その間に切符を買っておこうと思い、券売機に向かう。いまは交通系ICカードを持っている友だちも多いけれど、わたしは徒歩通学なので電車にはほとんど乗らないから、出かける機会があると、切符をそのつど買うことにしている。路線図によると、五八〇円だそうだ。
「ねえねえ、りな、いくらの切符?」
「五八〇円って書いてあるやん、えるちゃん」
背後から、明らかに聞き覚えのある声がするのだけれど。
ちょうど茉莉が戻ってくる。まだ五分も経っていない気がするけれど。まさか、あの駅前のタワーマンションに住んでいるのだろうか。
「はあ? 何であんたたちまでいるのよ。なるこ、あなたが呼んだの?」
呼んでません。濡れ衣はやめてください。
「遠足は人数が多い方が楽しいやんな、なるちゃん」
「大丈夫! おやつはみんなの分も持ってきたし」
そういう問題ではない。というか、そもそも遠足ではなくて、これは大事なお仕事だ。
「まあ、いいけど。由利は他人に危害を加える子じゃないし、話せば分かるだろうから」
おやつに釣られてませんよね?
古川駅も路線図的には一応首都圏扱いということもあって、ほとんど十分間隔で電車は入ってくる。わたしたちの降りる駅にはどの列車も停まるから、ホームに上がってすぐ入線してきた上り列車に乗った。幸い座席は空いていて、四人でボックスシートを陣取ることができた。
ダイヤに遅れがなければ、三十五分くらいで目的地に着くことになる。
この席だと、窓が真横に見えるから、車窓の風景もよくわかる。
はじめは田んぼだらけのいかにも田舎の風景だけれど、鉄橋で県境の橋を渡ると、次第に住宅街が目につくようになる。途中で乗ってくる人数も駅ごとに右肩上がりに増えてきて、いま自分たちは東京方面に向かう上り列車に乗っているのだということを実感する。
「その由利ちゃんっていうのはどういう子なの? かわいい?」
えるが興味津々な面持ちで茉莉に尋ねる。
「あたしほどはかわいくないわね。でも、いい子よ。ちょっと大人しすぎるけど」
茉莉は、堂々と「自分がかわいい」と言い放つ。でも、茉莉は実際こんな美少女なのだから、悔しいけれど突っ込めない。

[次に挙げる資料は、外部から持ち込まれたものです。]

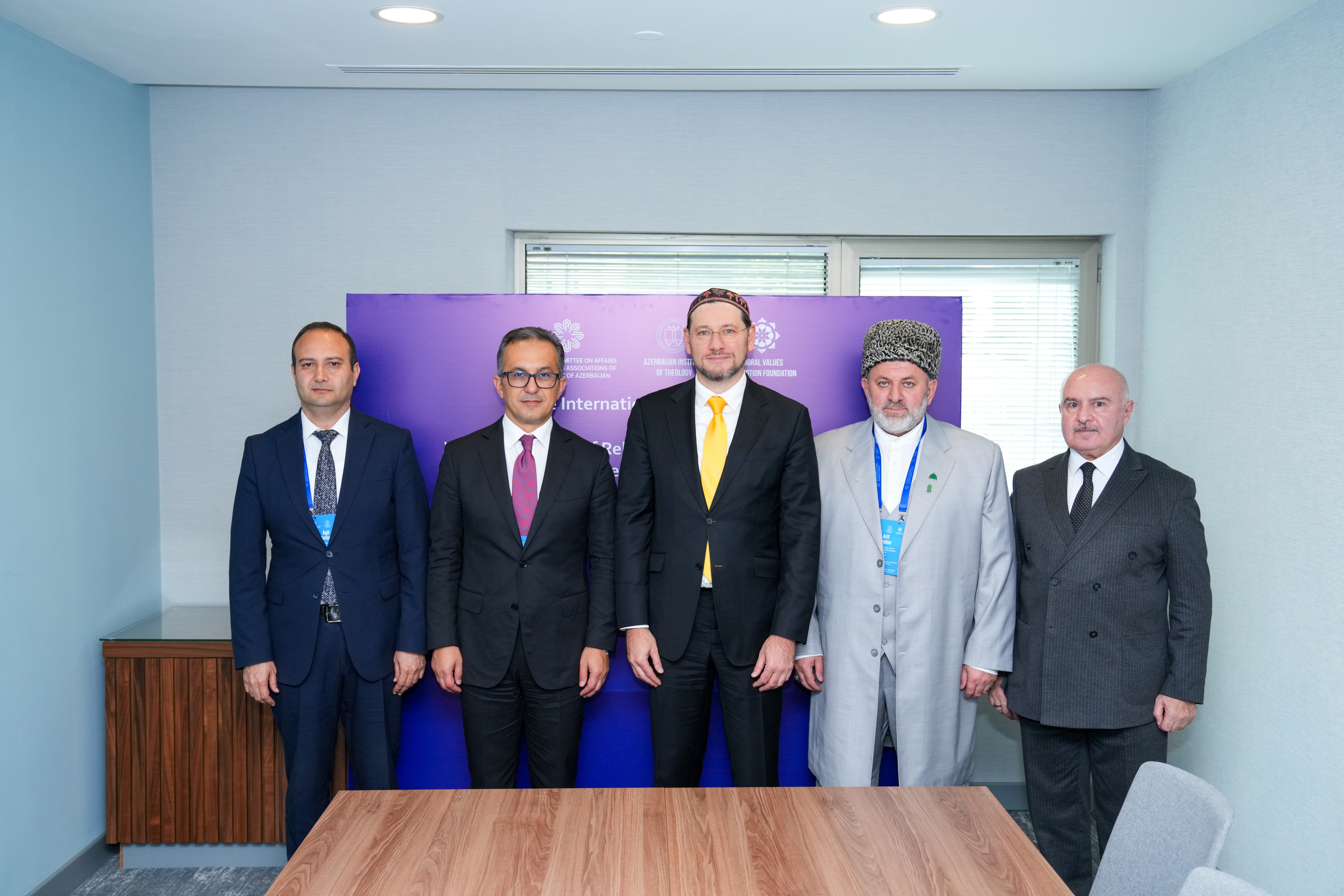Meetings were held with Zekeriya Akman, Rector of Kilis 7 Aralık University, Türkiye; Sahibzada Sultan Ahmed Ali, Chairman of the MUSLIM Institute, Pakistan; Ahmad Hussein Mohammed Ibrahim, Rector of “Nur-Mubarak” Misr Islamic Culture University, Kazakhstan; Bahman Baktiari, Executive Director of the Baskerville Institute, USA; Giorgi Zviadadze, Rector of Tbilisi Spiritual Academy and Seminary; Damir Muhetdinov, First Deputy Chairman of the Spiritual Administration of Muslims of the Russian Federation, Rector of Moscow Islamic Institute, and Honorary Professor of Azerbaijan Institute of Theology; and Arif Saidov, Rector of Sheikh Abdullah Efendi Islamic University, Russia. Discussions focused on the development prospects of cooperation in the religious and moral spheres, including religious education.

「でも、その子の目もなるちゃんがオリジナルなんやろ? 妹属性やとええなあ。茉莉ちゃんはかわいいけど、ちょっと妹的なかわいさは足りんよね」
「ばっ、あんた、何どさくさに紛れて失礼なこと言ってんのよ! それに、同い年に妹属性なんか求めないでくれる?」
茉莉はまた顔を赤らめる。
プライド高そうなツンデレ×妹属性。
ちょっとこってりしすぎなので、今のままで充分だと思う。
茉莉がえるの持参したおやつに感動して買った場所を事細かにえるに問い質したり、わたしも茉莉も目の力を使っていないのにりなが完全に熟睡し、降りる駅への接近アナウンスが流れてもまったく起きないなどの新規エピソードをいくつか挟みつつ、わたしたちは無事に目的の駅で下車した。
「やっぱり大きいねー」
「改札内がショッピングモールみたいやもんなあ。田舎とは違うわ」
えるとりなが感嘆の声を上げる。
この駅は隣県でも有数のターミナル駅で、在来線、新幹線、私鉄、そして新交通システムなど、数多くの路線が乗り入れている。街には通勤・通学客も多いけれど、商業都市としての性格も強く、駅ビルや駅周辺の大型テナントビルは、特に土日ともあれば一日中大賑わいだ。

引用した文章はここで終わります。